** Opening Task inputs block **

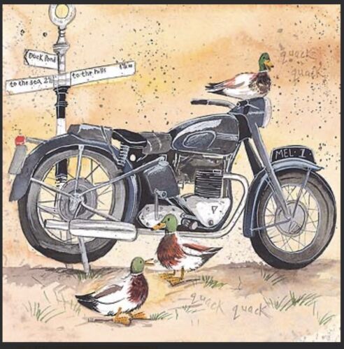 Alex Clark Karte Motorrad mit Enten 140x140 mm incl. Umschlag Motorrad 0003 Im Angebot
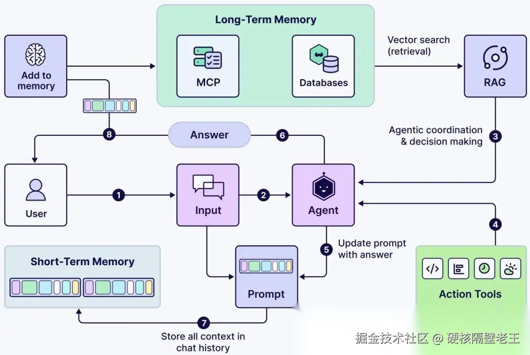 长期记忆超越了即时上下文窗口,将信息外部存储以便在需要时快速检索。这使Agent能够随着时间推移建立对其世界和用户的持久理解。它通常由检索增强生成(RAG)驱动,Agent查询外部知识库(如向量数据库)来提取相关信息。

** Closing Task inputs block **
** Opening Task inputs block **

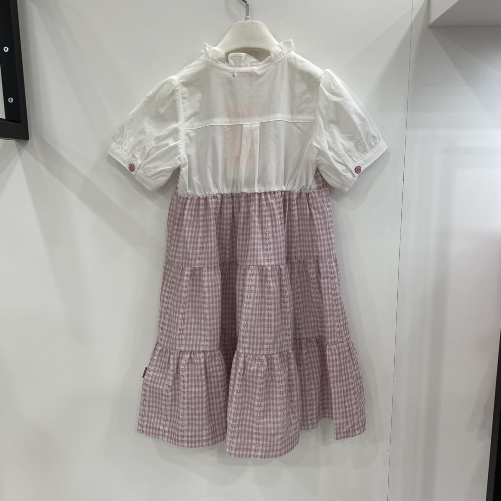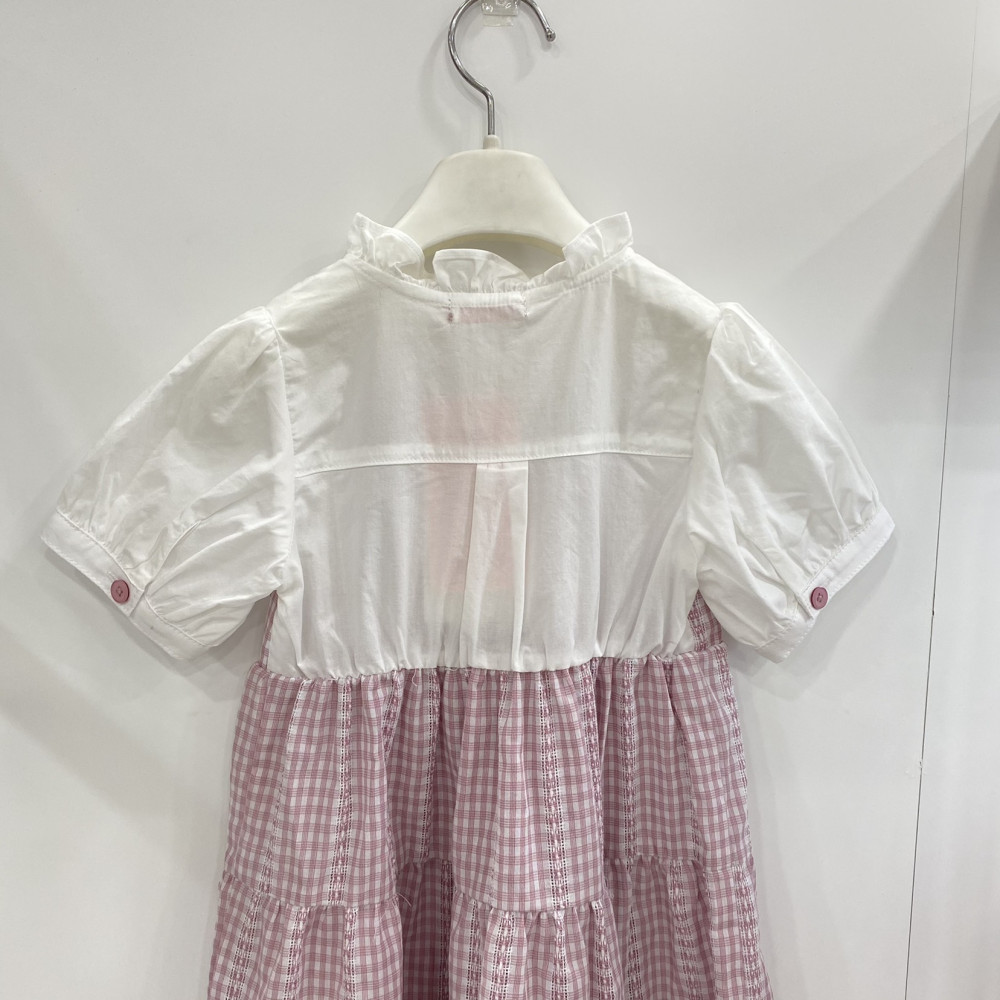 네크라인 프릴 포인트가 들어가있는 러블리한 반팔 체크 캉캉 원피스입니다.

** Closing Task inputs block **

* **Goal of the exercise**
Copy nothing but the lines above that run from the one with "Alex Clark Karte" to the one with "长期记忆超越了即时上下文窗口", ends included; pictures stay out.

* **Response to the exercise**
 Alex Clark Karte Motorrad mit Enten 140x140 mm incl. Umschlag Motorrad 0003 Im Angebot
 长期记忆超越了即时上下文窗口,将信息外部存储以便在需要时快速检索。这使Agent能够随着时间推移建立对其世界和用户的持久理解。它通常由检索增强生成(RAG)驱动,Agent查询外部知识库(如向量数据库)来提取相关信息。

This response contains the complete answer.